With regard to a company’s earning power, the choice of business model is crucial. This article is part of a three part series; be sure to read Part I and Part II.

Center of distribution with delivery

When reaching a four-digit number of orders per week, a center of distribution pays off due to low labor costs. From there, goods are delivered directly to the customer’s home. In Germany, online retailers like Lidl have used this strategy for several years.

Even though several online merchants operate with this model successfully, it doesn’t guarantee success.  This can be proven by the platform giant, Amazon: in July 2010, the famous online merchant started to sell and deliver food across Germany. However, due to several external Amazon suppliers, with complex pricing and packaging processes, Amazon’s service was not attractive enough to become established. All of these years later, Amazon continues their Fresh service but only in select cities across Germany, and with relatively disappointing sales compared to annual forecasts.

Center of distribution with pickup by the customer (“Click-and-Collect”)

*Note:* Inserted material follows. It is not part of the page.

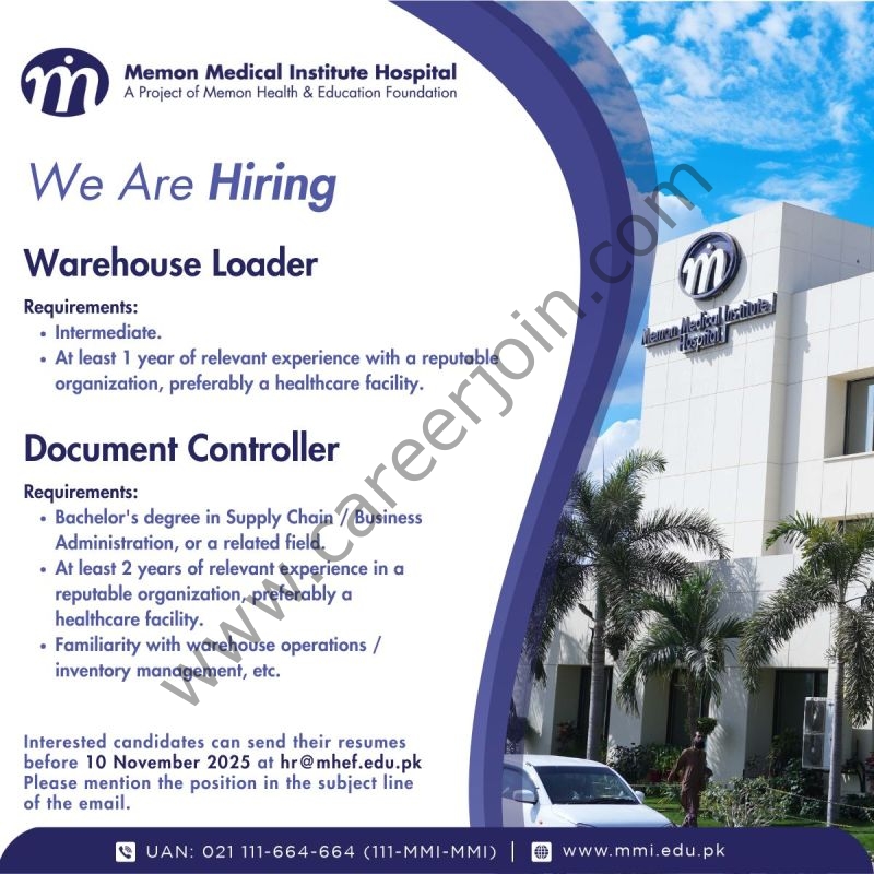 Memon Medical Institute Hospital MMI Jobs November 2025 :

This time-saving concept is based on the “drive-in” model. Consumers can choose their groceries and order online in the comfort of their own homes and then directly go to pick up their purchase at a center of distribution, not having to even get off their car in most cases. This model is already very well-known in countries like the UK, USA and France. In some other countries, like Germany, this trend has been a bit slower to catch on.

Serving customers everywhere: Multichannel Distribution

Combining the advantages of both worlds – online and offline – with a multichannel strategy.
Give your customers buying incentives wherever they are – with a multichannel strategy.

The future will show to what extent online pure players will be able to gain market shares in the food trade; some retailers, like GetNow, have already experienced great success with this model while others struggle.  It is unlikely that brick-and-mortar grocery stores will suffer anytime soon, as the satisfaction and comfort with existing shopping methods is firmly rooted, at least in most countries.

With a multichannel orientation, retailers are combining the advantages of both worlds – online and offline. Many large food retailers, such as Lidl and Aldi, employ a multichannel strategy that provide local, in-store shopping availability along with finding the relevant information at every customer touchpoint. Location-based search also guarantees that daily updated, local offers of brick-and-mortar stores are integrated online and are made available via smartphone, desktop or tablet.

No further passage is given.